ABOUT THIS TASK
Using the listing below, print the line containing "Prachtige armband met", the line containing "Un'intervista di Vittorio", and each line between them, exactly and nothing else. Pictures stay out of the print.

INPUT
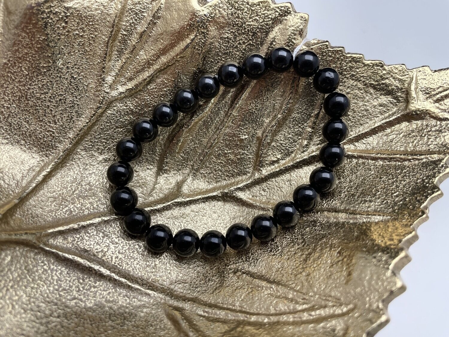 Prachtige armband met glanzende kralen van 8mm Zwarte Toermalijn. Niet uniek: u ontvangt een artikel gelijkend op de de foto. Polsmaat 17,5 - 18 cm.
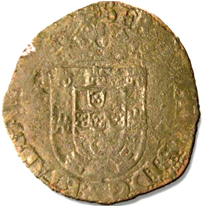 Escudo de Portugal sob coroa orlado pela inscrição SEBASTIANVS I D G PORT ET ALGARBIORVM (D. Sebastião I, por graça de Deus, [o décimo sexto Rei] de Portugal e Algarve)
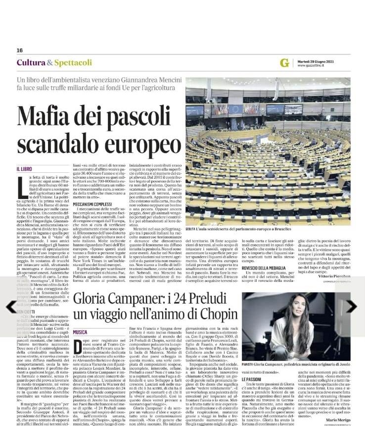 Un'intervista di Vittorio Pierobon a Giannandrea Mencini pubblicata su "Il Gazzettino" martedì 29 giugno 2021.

==

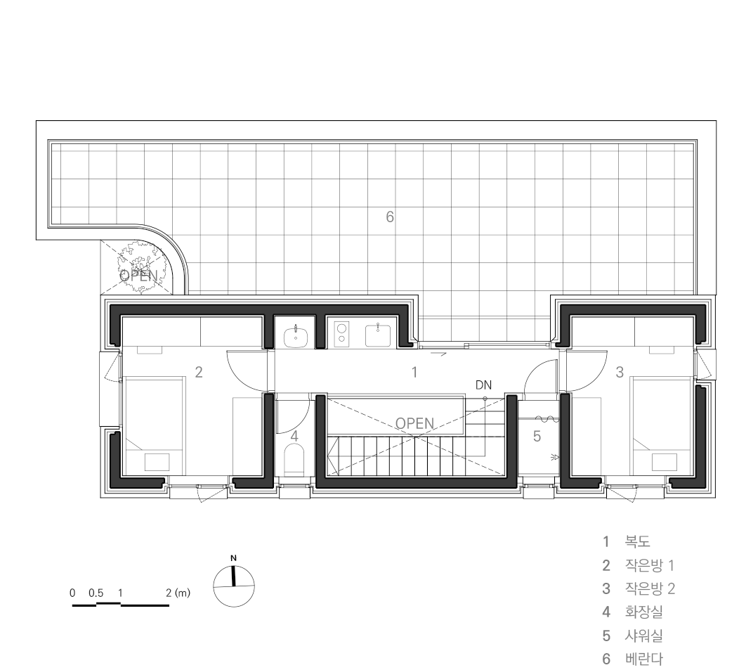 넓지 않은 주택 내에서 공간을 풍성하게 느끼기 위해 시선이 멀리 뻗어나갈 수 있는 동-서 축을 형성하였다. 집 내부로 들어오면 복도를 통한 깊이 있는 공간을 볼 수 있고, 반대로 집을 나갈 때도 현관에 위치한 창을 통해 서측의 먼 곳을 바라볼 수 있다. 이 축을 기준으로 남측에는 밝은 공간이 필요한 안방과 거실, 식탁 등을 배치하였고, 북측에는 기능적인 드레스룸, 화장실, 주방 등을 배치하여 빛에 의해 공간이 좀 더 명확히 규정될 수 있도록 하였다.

* * *

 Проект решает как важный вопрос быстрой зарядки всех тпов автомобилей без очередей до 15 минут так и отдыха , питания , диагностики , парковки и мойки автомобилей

RESPONSE
 Prachtige armband met glanzende kralen van 8mm Zwarte Toermalijn. Niet uniek: u ontvangt een artikel gelijkend op de de foto. Polsmaat 17,5 - 18 cm.
 Escudo de Portugal sob coroa orlado pela inscrição SEBASTIANVS I D G PORT ET ALGARBIORVM (D. Sebastião I, por graça de Deus, [o décimo sexto Rei] de Portugal e Algarve)
 Un'intervista di Vittorio Pierobon a Giannandrea Mencini pubblicata su "Il Gazzettino" martedì 29 giugno 2021.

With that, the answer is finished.